Stanford EE Computer Systems Colloquium

4:15PM, Wednesday, May 20, 2009
HP Auditorium, Gates Computer Science Building B01
http://ee380.stanford.edu

Enernet: Internet Lessons for Solving Energy

Bob Metcalfe
Polaris Venture Partners
About the talk:

What can we learn from Internet history, say since 1946, for how best to meet world needs for cheap and clean energy? A lot, much to the annoyance of energy experts. One lesson of the Internet is that it will prove easier to teach energy to entrepreneurs than entrepreneurship to the energy industry. Another Internet lesson is that solving energy is more than a shovel-ready Manhattan Project, it will take decades, and so there is time for science. Another lesson is that, when we solve energy, we will not end up using less, but much much more, cheap and clean energy in squanderable abundance, enabling completely unanticipated applications. So, let's ask, What will be energy's YouTubes? Water? Space travel? Our current taxonomies will not likely survive. Remember the separate everything for voice, video, and data? Today, for example, it's separate everything for feed, food, and fuel, not. Will there be surprises? Yes, remember that we started the Internet thinking that larger computer mainframes were the future, not. Will there be silver bullets? Yes, like dense wave division multiplexing at the optical core of today's Internet. Perhaps fission, fusion, or something better will be a silver bullet at the core of tomorrow's Enernet. Is there a Global Warming Bubble, just like there was an Internet Bubble? Yes, so watch out. Sorry, but solving climate change and solving energy are not the same thing. Are speculative bubbles a good thing? Yes, they accelerate technological innovation; just have a chair when the music stops.

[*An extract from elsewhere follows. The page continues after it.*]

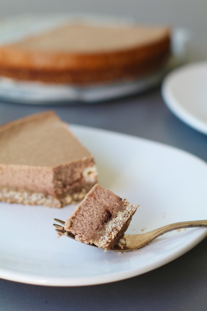 Ik denk oprecht dat ik het goed zou doen als havermout ambassadeur. Ik ontbijt er mee, maak er tussendoortjes van, ik gebruik het in mijn vega burgers of maak er een taartbodem van. Het is gewoon zo makkelijk in gebruik en door de hoeveelheid vezels zit ik er langer vol van dan een ander soort meel. Neem bijvoorbeeld deze Nutella cheesecake. Je kunt ervoor kiezen om de welbekende bodem van koekjes en boter maken, maar je maakt hem simpelweg een stuk voedzamer door een bodem van havermout te maken gezoet met dadels. Een cheesecake zou geen cheesecake zijn zonder roomkaas, maar in plaats van de hoge taarten met acht pakjes monchou die ik vroeger bakte halveerde ik de vulling voor een mooie subtiele cheesecake. Mét Nutella omdat dat echt HEEL erg lekker is.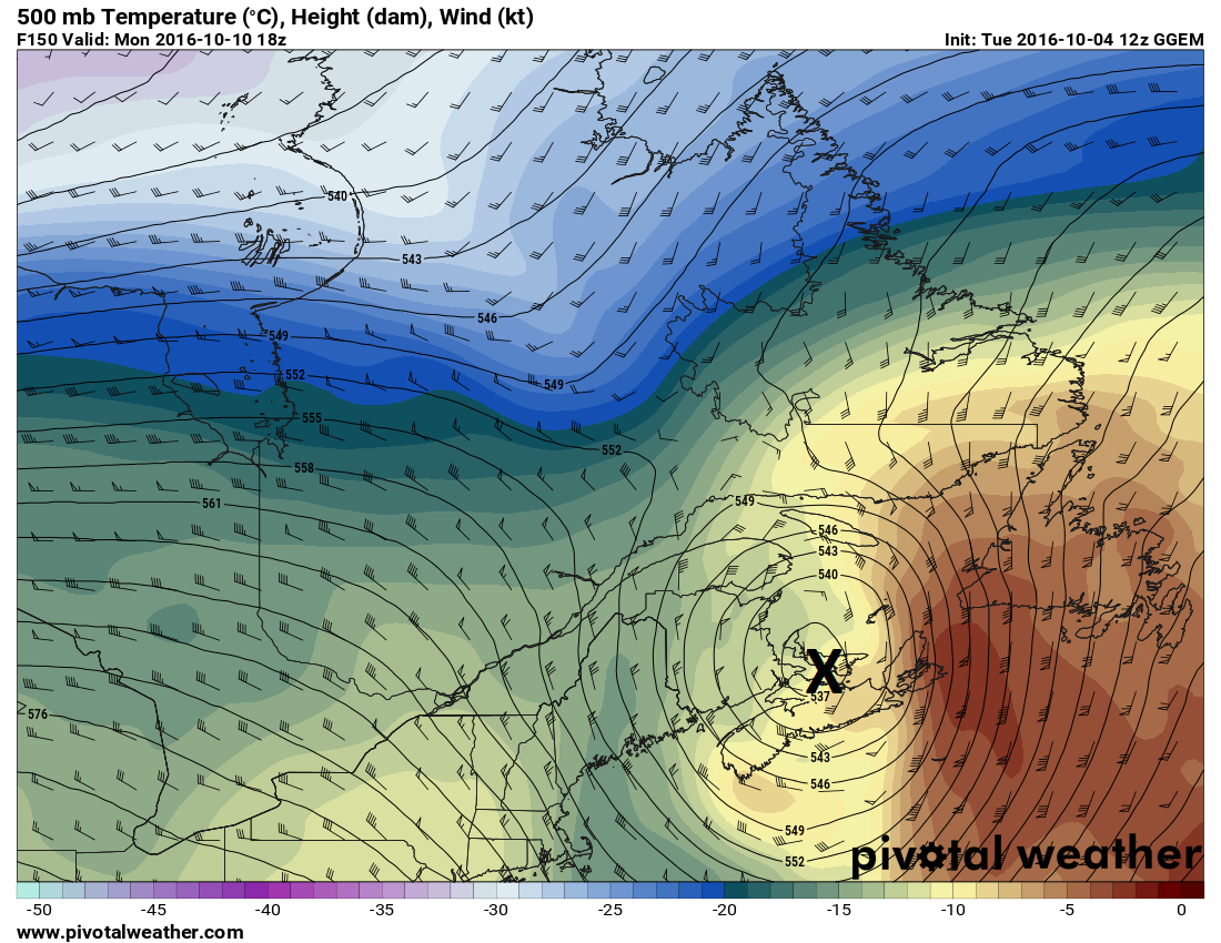 « Coeur » plus froid et en transition lors de son passage prévu sur les maritimes. Le « X » est le centre dépressionnaire. On remarque que l’air chaud se décale vers la droite et l’air froid envahit la partie gauche et le centre. Un pattern similaire aux systèmes frontaux (front froid/front chaud) s’installe alors qu’il est absent avec l’ouragan.

If the energy movement is to have a color, Internet history indicates that green is not a good choice. Let the Green's have green; let energy be blue. Energy is looking more every day like a network problem; let's use the Internet to solve energy.

Slides:

Download the slides for this presentation in PDF format.

About the speaker:

Bob Metcalfe is at Polaris Venture Partners, near Boston, since 2001. After graduating from MIT and Harvard in 1973, he invented Ethernet at Xerox Parc, pioneered distributed computing at Stanford 1975-1983, founded 3Com Corporation in 1979, and received the National Medal of Technology in 2005 for leadership in the invention, standardization, and commercialization of Ethernet, of which 350 million switch ports shipped last year, and that's not counting WiFi.